### Requirement
Could the listing below be returned exactly, with its pictures left out?

### Data section

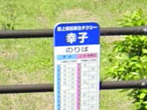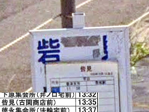 「呰」には「そしる。非難する/きず。欠点。わざわい」という意味があります。呰が使われるバス停はレアです。バス停じたいでは「見」の字が(2013年のストビュ撮影の時点から)何かシールで覆われてほとんど見えないですし、「呰」が「砦」になっている、ちょっとこまったちゃんな感じです。コミュニティバスのホームページにはきちんと「呰見」で時刻表が載っています。 GoogleStreetView |
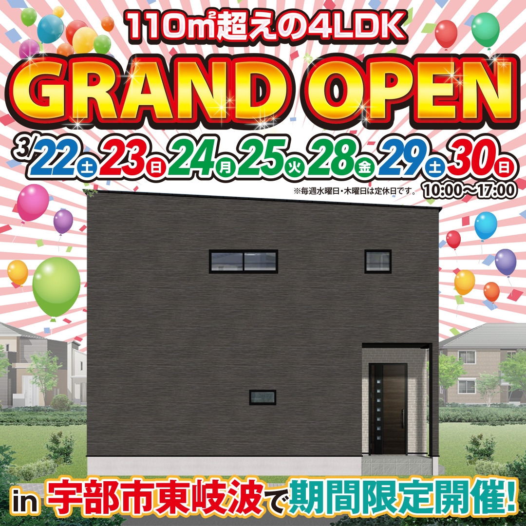 【宇部市】110㎡越えの4LDKが誕生!宇部市東岐波で収納力抜群の2階建て見学会開催
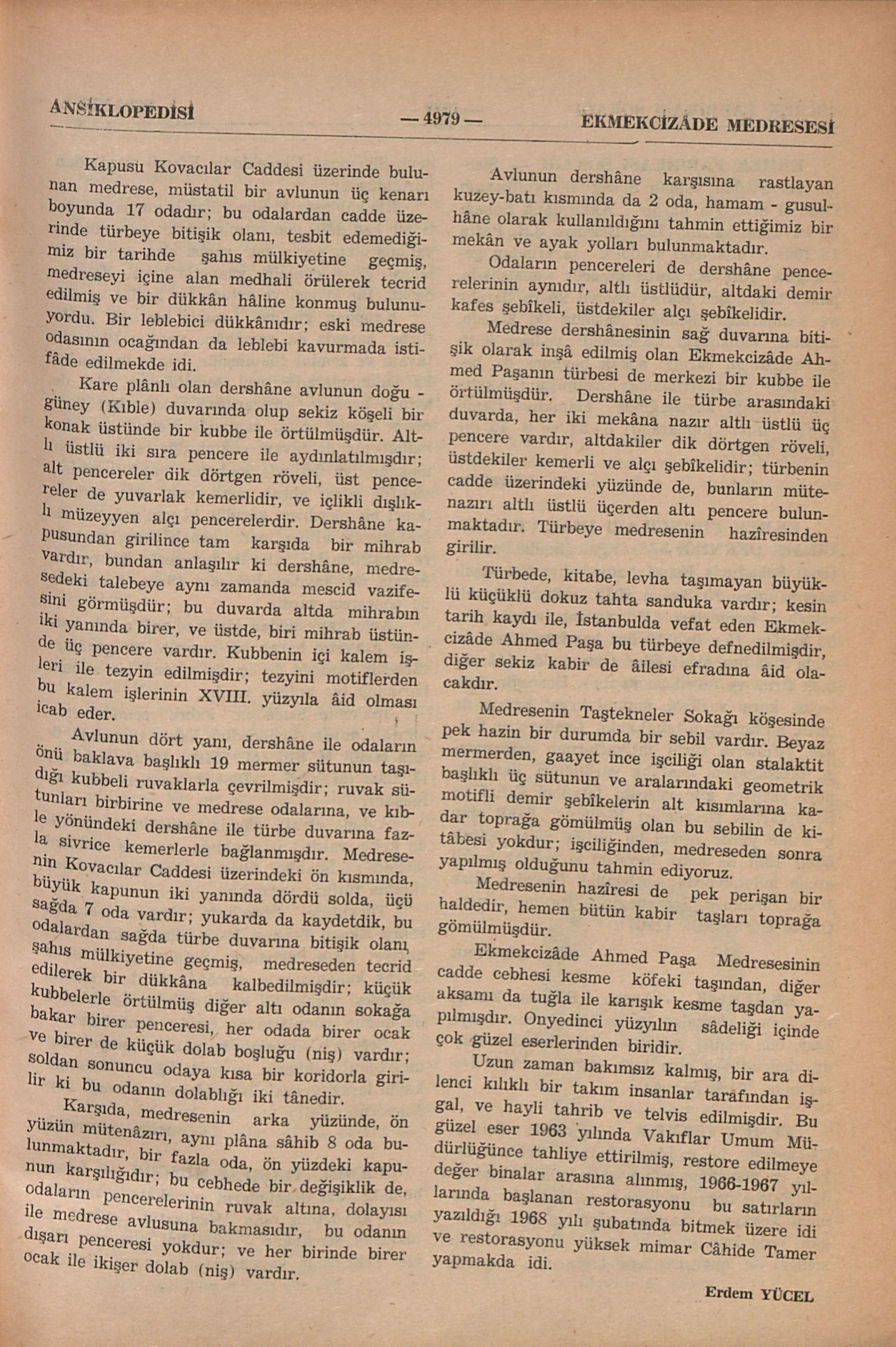EKMEKCİZÂDE AHMED PAŞA MEDRESESİ

### Exercise output
 「呰」には「そしる。非難する/きず。欠点。わざわい」という意味があります。呰が使われるバス停はレアです。バス停じたいでは「見」の字が(2013年のストビュ撮影の時点から)何かシールで覆われてほとんど見えないですし、「呰」が「砦」になっている、ちょっとこまったちゃんな感じです。コミュニティバスのホームページにはきちんと「呰見」で時刻表が載っています。 GoogleStreetView |
 【宇部市】110㎡越えの4LDKが誕生!宇部市東岐波で収納力抜群の2階建て見学会開催
EKMEKCİZÂDE AHMED PAŞA MEDRESESİ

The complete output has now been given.